Enhanced self-healing performance of graphene oxide/vitrimer nanocomposites: A molecular dynamics simulations study

In this paper, we elucidate the filler effect of the vitrimer nanocomposites in the atomistic aspect for the first time with the molecular dynamics (MD) simulations. The self-healing properties are compared between GO/vitrimer nanocomposites and pristine vitrimers by the self-healing simulation containing the bond exchange reaction algorithm. The results reveal that GO reduces the vitrimers’ Tg as well as the nanocomposites self-heal better than the vitrimers at all temperature ranges: temp. higher than Tg of both, temp. between the two Tg s, and temp. lower than Tg of both.
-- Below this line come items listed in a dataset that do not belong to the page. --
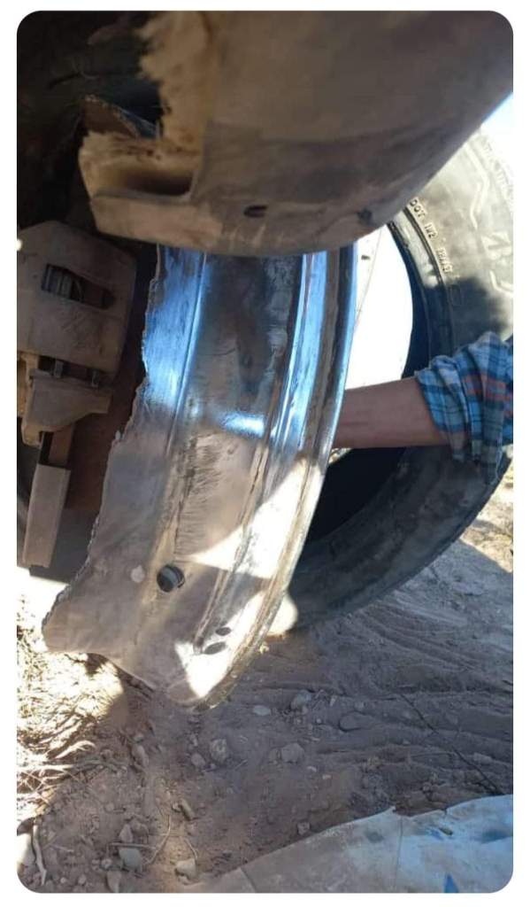 Otro ciudadano que sufre daños en su vehículo al transitar por la carretera federal Aldama Ojinaga a la altura de la salida de Aldama hasta el entronque de Coyame del Sotol y Ojinaga.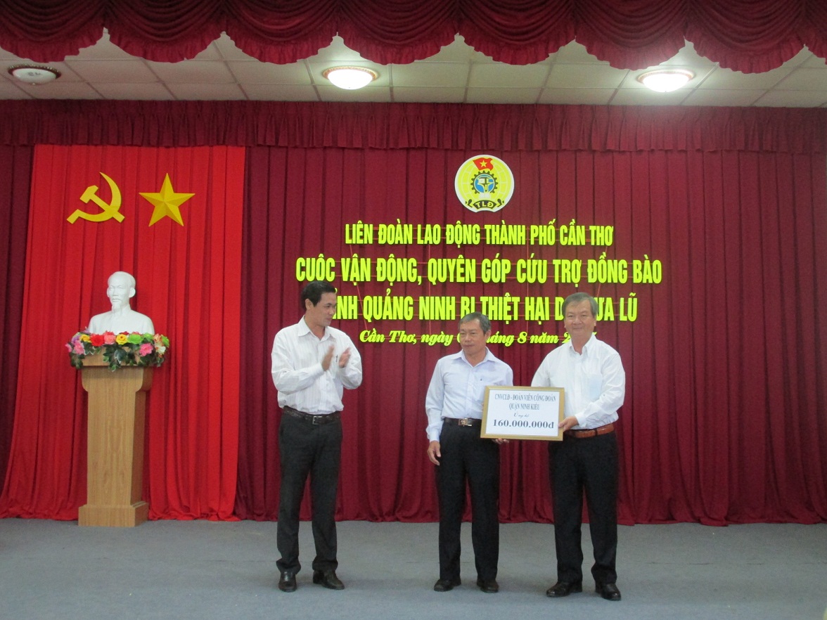 Thực hiện sự chỉ đạo của Thành ủy Cần Thơ, UBMTTQ Việt Nam thành phố, lời kêu gọi của Chủ tịch TLĐ ủng hộ kinh phí để xây mới, sửa sang lại nhà cửa cho công nhân vùng lũ tỉnh Quảng Ninh và nhiều tỉnh miền núi phía bắc bị ảnh hưởng do mưa lũ. Chiều ngày 5/8/2015. Liên đoàn Lao động thành phố Cần Thơ tổ chức cuộc vận động quyên góp cứu trợ đồng bào tỉnh Quảng Ninh bị thiệt hại do mưa lũ.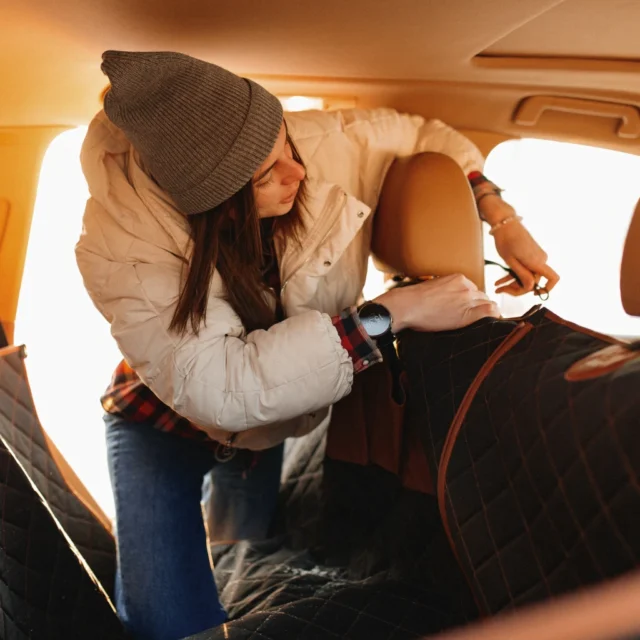 I can’t believe I used anything other than this one to protect my leather seats from my doggo! Plus she loves this one better than the last one! Keeps her toys from falling onto the floor of the vehicle. The underneath is grippy so the cover doesn’t slide around giving my dog more traction while inside. It’s water resistant and has a pouch where I like to keep her important things like collapsible water bowl and leashes.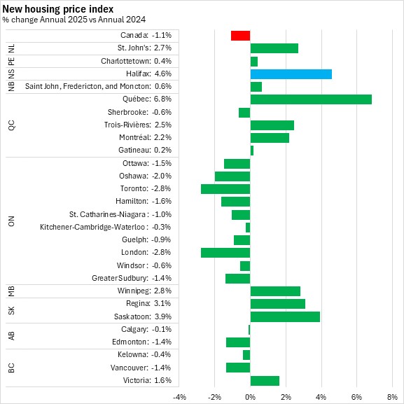 Halifax new housing prices were up 4.6% in 2025 compared to 2024, second fastest among provinces. The fastest growth among CMAs was in Québec City and the fastest declines were in London and Toronto.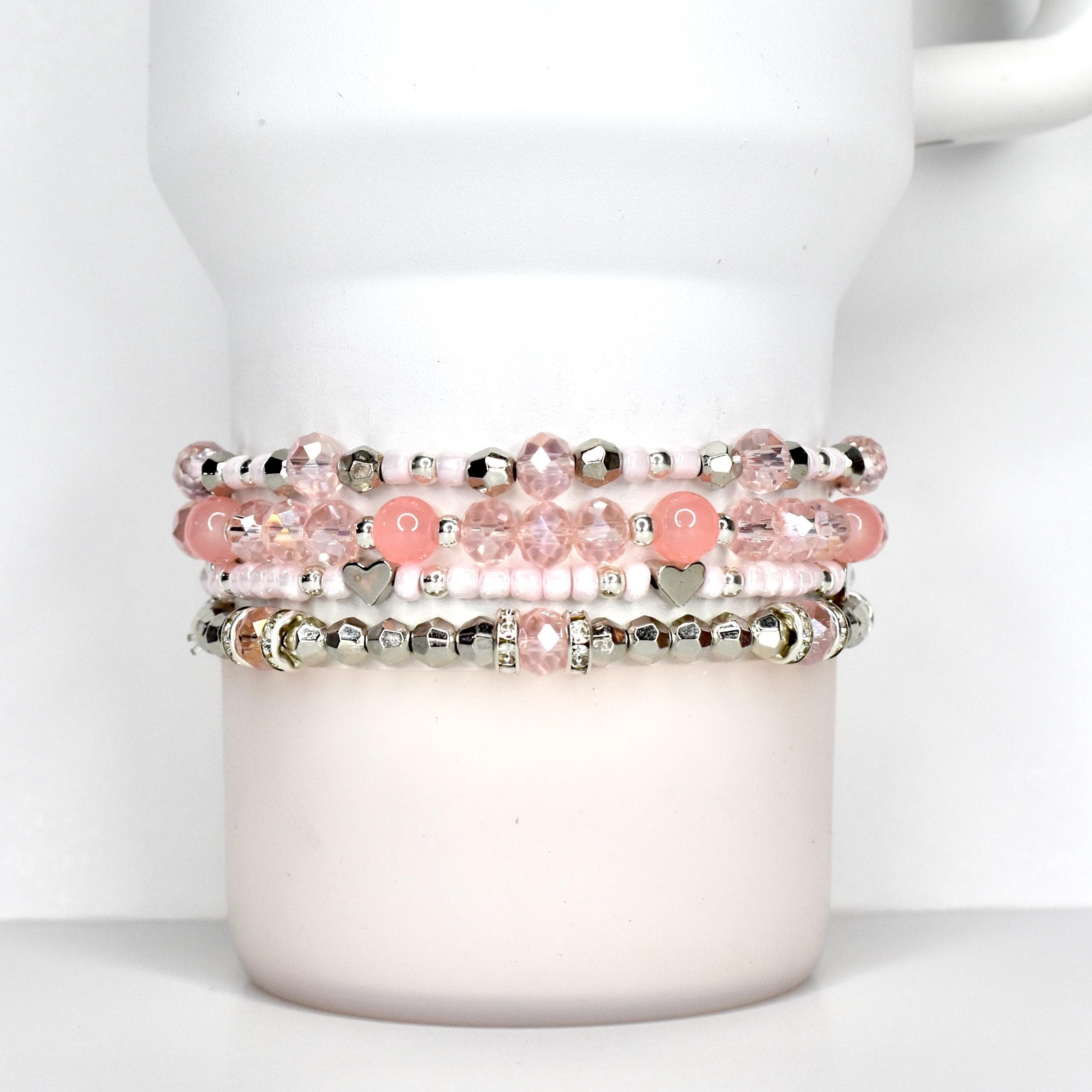 Add a sweet and stylish twist to your tumbler or your wrist with our Tea Rose Tile Beaded Bracelet Set. This four-piece set features soft coral tones, sparkling crystals, silver accents, and playful heart beads for a look that’s flirty, feminine, and full of personality.
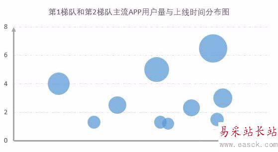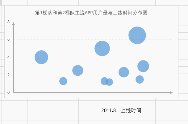 3、圖表設置:自動生成的圖表,把橫軸和縱軸的位置是相反的,同時代表氣泡面積的數據也默認為同一個數值。在X軸系列值選擇上線時間列數據,Y軸系列值選擇用戶量列數據,系列氣泡大小同樣選擇用戶量列數據。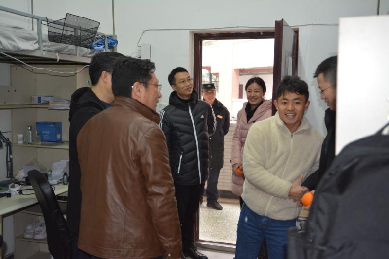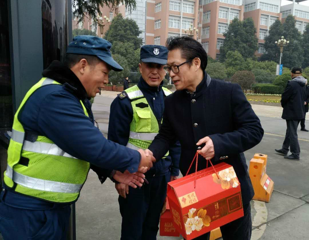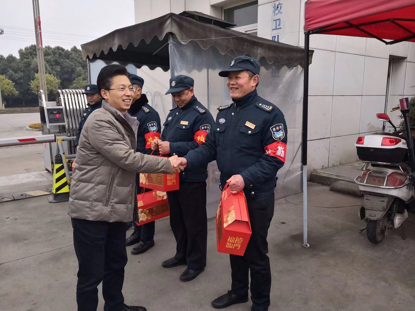 【本网讯】1月31日下午,学校党委副书记马洪江、副校长于世祥、肖月强带队分赴两校区看望慰问假期在岗值守的一线工作人员和留校学生,并向大家致以美好的新春祝福。

Atomistic investigations demonstrate that the number of new disulfide bonds that emerged during the self-healing simulation increases in GO/vitrimer nanocomposites, which corroborates adding GO into the vitrimer stimulates the bond exchange reaction. Moreover, our simulation results imply that diverse nanofillers can be adopted for the same purpose. [Display omitted] •Bond exchange reaction of disulfide-type vitrimers is realized in molecular dynamics simulations.•Introducing graphene oxide into the vitrimer reduces the glass transition temperature.•Graphene oxide/vitrimer nanocomposites are better self-healed than vitrimers.•Results are validated from the bond count of new disulfide bonds created during the self-healing simulations.